The second step was to create 4 individual feature tables to further reduce size and allow

portability. These 4 features are the before bigram, after bigram, split bigram and

important word. These 4 corresponding tables, ‘ct_bb’, ‘ct_ba’, ‘ct_bs’ and ‘ct_bis’, are

approximately 2.4 GB combined. These are the tables that are used as well as the

‘wordlist’ table when the program is in operation. These tables store the ID of the

queried word, the count for the specific word, the ID’s of the 2 context words, the global

frequencies and the local frequencies. Figure 14 shows the table structure used by each

feature.

+---+---+---+---+---+---+ | Field | Type | Null | Key | Default | Extra | +---+---+---+---+---+---+ | w_index | int(11) | NO | PRI | NULL | | | word_count | int(11) | NO | PRI | NULL | | | w1 | int(11) | NO | MUL | NULL | | | w2 | int(11) | NO | MUL | NULL | | | local_freq | int(11) | YES | | 0 | | | global_freq | int(11) | YES | | 0 | | +---+---+---+---+---+---+

Figure 14: The SQL table structure used by each of the 4 feature tables. Stores the 2

word context of the feature(w1 and w2), local and global frequencies of each

context.
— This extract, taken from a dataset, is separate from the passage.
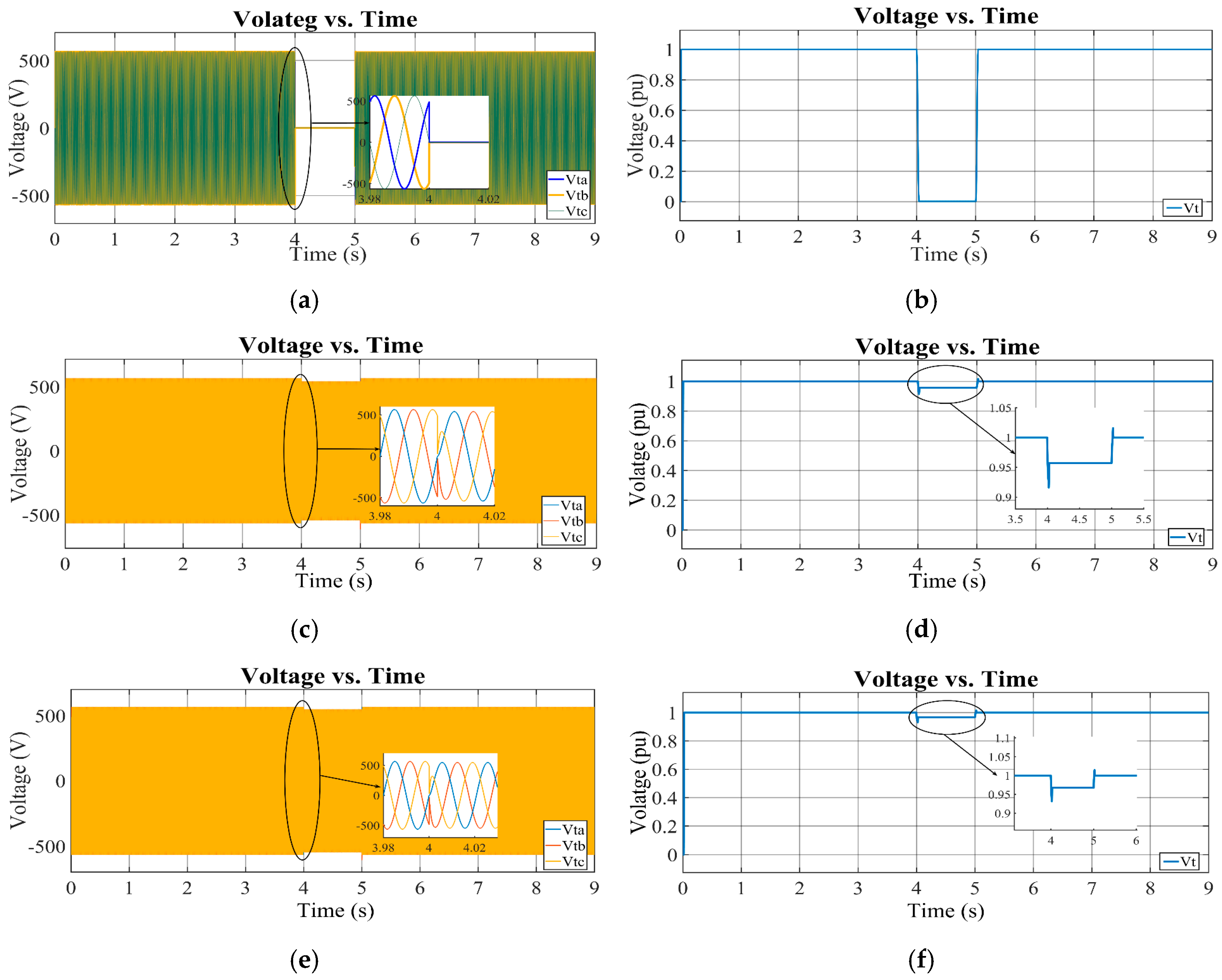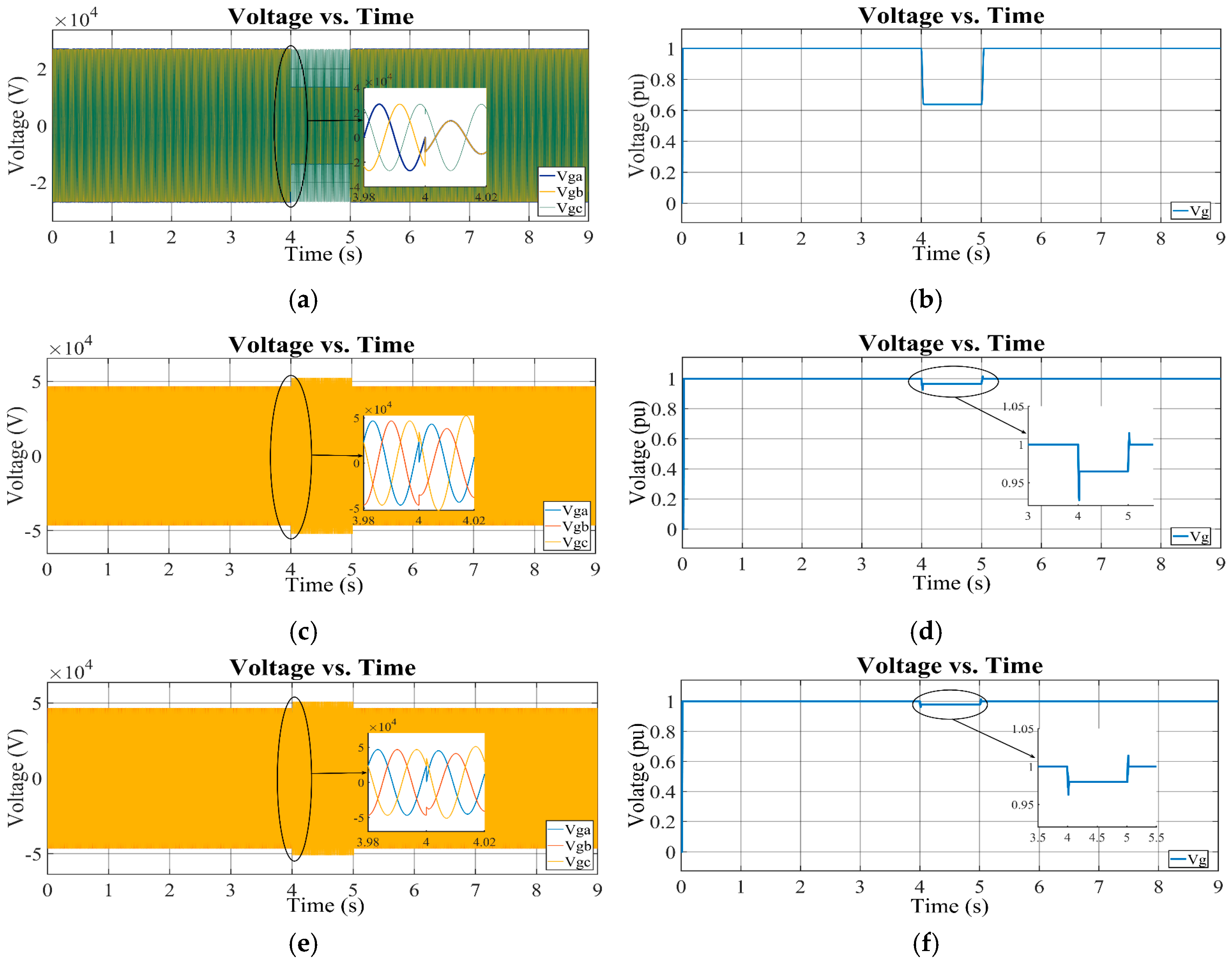 | Aspects | Fault Type | DC-Link Voltage | Grid Voltage Recovery | Inverter Voltage Recovery | Reactive Power Injection | Voltage Sag W/o Control | DC Overshoot with Controller | |

It is Indexed by the query near synonymous word(w_index) and the

number of unique contexts(word count).

Local and global frequencies are the last two fields shown in Figure 14 can be described

as follows:

Local frequency is the observed frequency of this context within the ‘fivegrams’ table.

For example suppose the before bigram feature table (ct_bb) contained the context ‘a

little’ for the word “lamb”. It would have as local frequency equal to the number of times

the word ‘lamb’ was preceded by the bigram ‘a little’. If the following two 5 grams

existed in the ‘fivegram’ table. This feature would have a local frequency of 2.

“a little lamb fleece as”

Global frequency denotes the frequency counts of n-grams as recorded by Google. This is

meant to represent how often this phrase was found in all the books that were scanned.

When two contexts are the same, the Google frequencies are simply added together.

“a little lamb fleece as” frequency=200

“a little lamb spent each” frequency=100

In this example, the context ‘a little’ before ‘lamb’ would have a global frequency of 300.